In description and claims, terms “coupled” and “connected,” along with their derivatives, may be used. It should be understood that these terms may be not intended as synonyms for each other. Rather, in particular examples, “connected” or “coupled” may be used to indicate that two or more elements are in direct or indirect physical or electrical contact with each other. “Coupled” may also mean that two or more elements are not in direct contact with each other, but yet still co-operate or interact with each other.

Unless specifically stated otherwise, it may be appreciated that throughout specification terms such as “processing,” “computing,” “calculating,” “determining,” or like, refer to action and/or processes of a computer or computing system, or similar electronic computing device, that manipulate and/or transform data represented as physical, such as electronic, quantities within computing system's registers and/or memories into other data similarly represented as physical quantities within computing system's memories, registers or other such information storage, transmission or display devices.

In a similar manner, term “processor” may refer to any device or portion of a device that processes electronic data from registers and/or memory and transform that electronic data into other electronic data that may be stored in registers and/or memory. As non-limiting examples, “processor” may be a CPU or a GPU. A “computing platform” may comprise one or more processors. As used herein, “software” processes may include, for example, software and/or hardware entities that perform work over time, such as tasks, threads, and intelligent agents. Also, each process may refer to multiple processes, for carrying out instructions in sequence or in parallel, continuously or intermittently. In at least one embodiment, terms “system” and “method” are used herein interchangeably insofar as system may embody one or more methods and methods may be considered a system.

In present document, references may be made to obtaining, acquiring, receiving, or inputting analog or digital data into a subsystem, computer system, or computer-implemented machine. In at least one embodiment, process of obtaining, acquiring, receiving, or inputting analog and digital data can be accomplished in a variety of ways such as by receiving data as a parameter of a function call or a call to an application programming interface. In at least one embodiment, processes of obtaining, acquiring, receiving, or inputting analog or digital data can be accomplished by transferring data via a serial or parallel interface. In at least one embodiment, processes of obtaining, acquiring, receiving, or inputting analog or digital data can be accomplished by transferring data via a computer network from providing entity to acquiring entity. In at least one embodiment, references may also be made to providing, outputting, transmitting, sending, or presenting analog or digital data. In various examples, processes of providing, outputting, transmitting, sending, or presenting analog or digital data can be accomplished by transferring data as an input or output parameter of a function call, a parameter of an application programming interface or interprocess communication mechanism.

Although descriptions herein set forth example implementations of described techniques, other architectures may be used to implement described functionality, and are intended to be within scope of this disclosure.

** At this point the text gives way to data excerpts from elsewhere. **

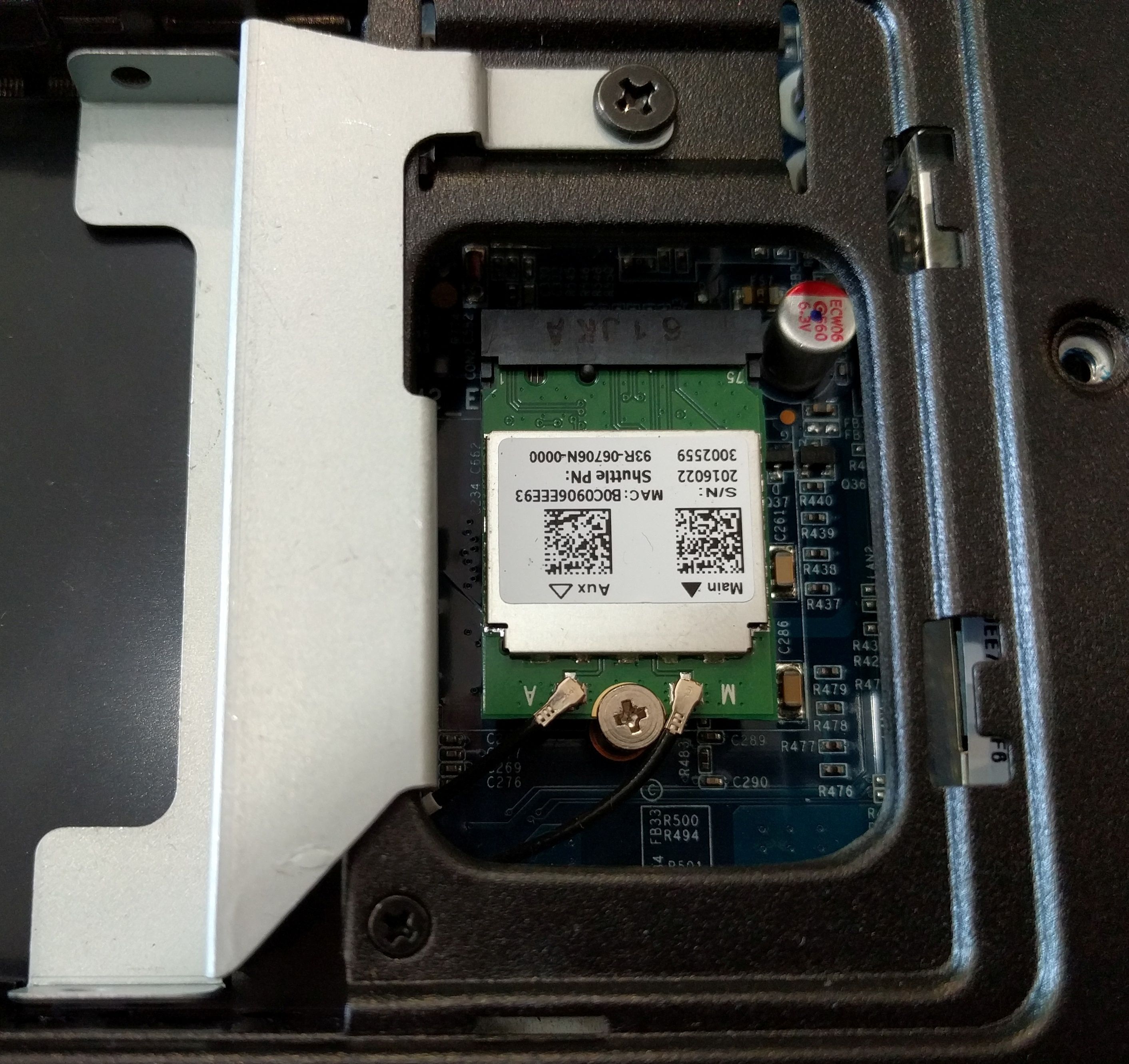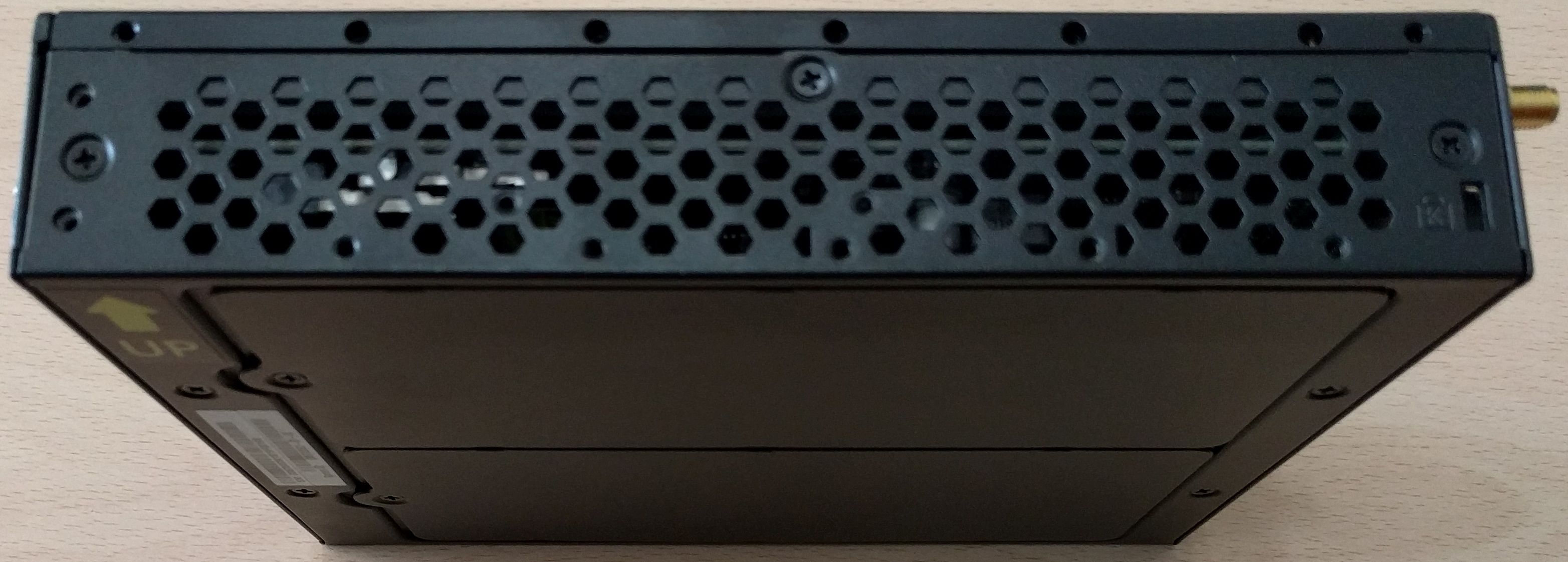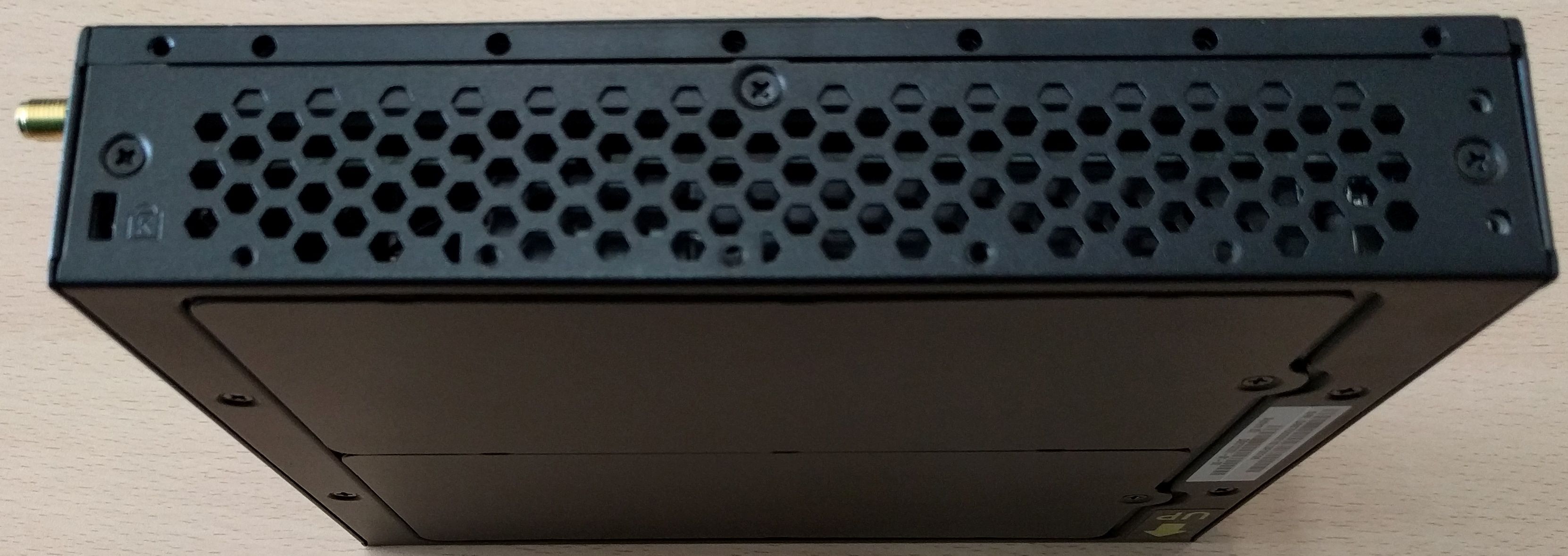 Con las dos tapas quitadas, vemos el espacio para la instalación de una unidad de almacenamiento, que puede ser SATA de 12.5mm, 9.5mm o 7 mm de grosor, aunque se aconseja poner un disco SSD (que ya son de 7mm) y funcionan infinitamente más rápidos que los discos mecánicos, así como que emiten mucha menos temperatura. Pero también se pueden instalar discos SSD M.2. También vemos los dos zócalos de memoria que soporta módulos de 16GB DDR3L a 1.35V, haciendo un máximo de 32GB. Y después ya vemos el módulo Wireless ya preinstalado de fábrica.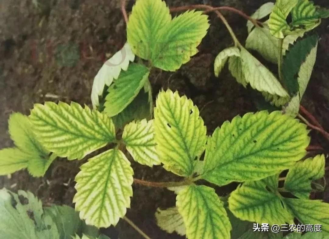 种植草莓的老汉说:“棚室内的草莓,起初嫩叶不绿发黄呈斑驳状,然后转变成叶片黄化加重。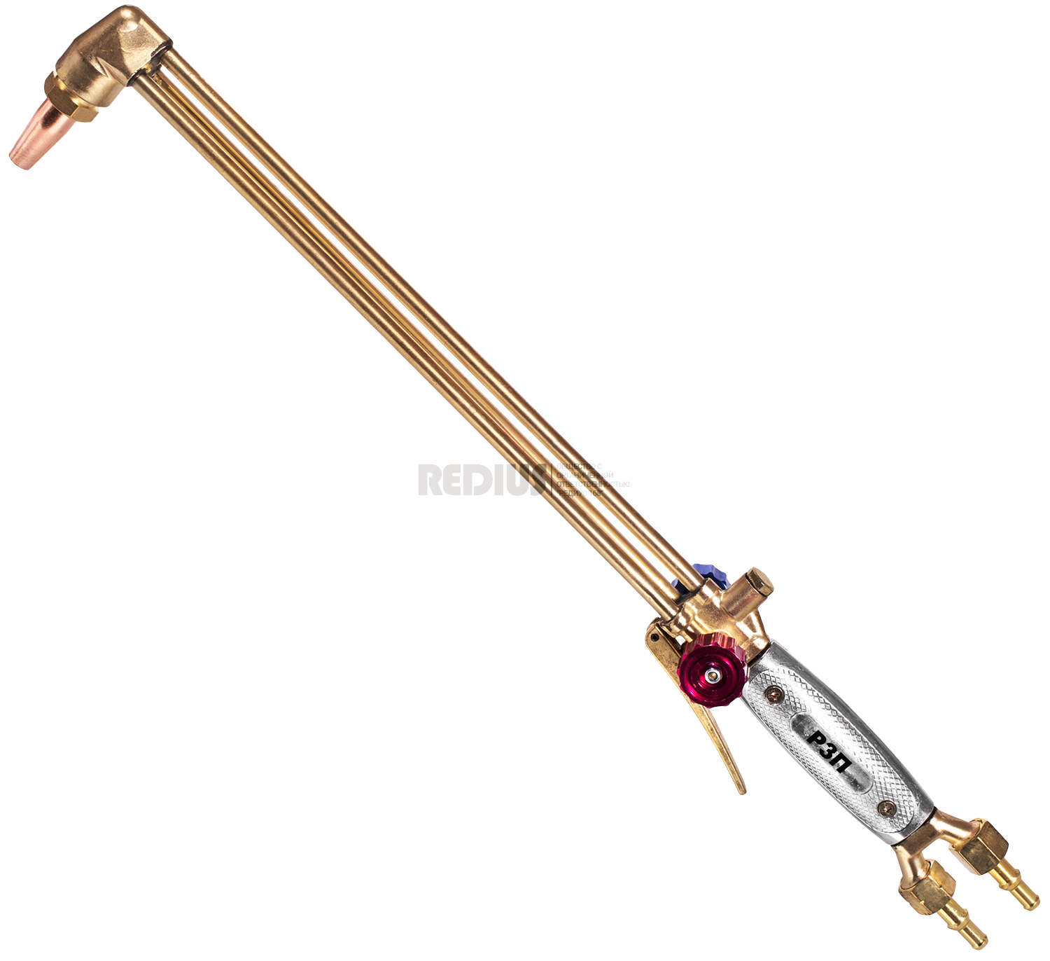 Резак трехтрубный пропано-кислородный с внутрисопловым смешением газов предназначен для резки раскроя и разогрева деталей, заготовок, листового и сортового проката из черных металлов. За счет внутрисоплового смешения газов резаки имеют повышенную стойкость к обратному удару и способны длительное время работать в тяжелых условиях. Резак имеет стандартный мундштук «PNM» и совместим с мундштуками других производителей

Furthermore, although specific distributions of responsibilities may be defined above for purposes of description, various functions and responsibilities might be distributed and divided in different ways, depending on circumstances.

Furthermore, although subject matter has been described in language specific to structural features and/or methodological acts, it is to be understood that subject matter claimed in appended claims is not necessarily limited to specific features or acts described. Rather, specific features and acts are disclosed as exemplary forms of implementing the claims.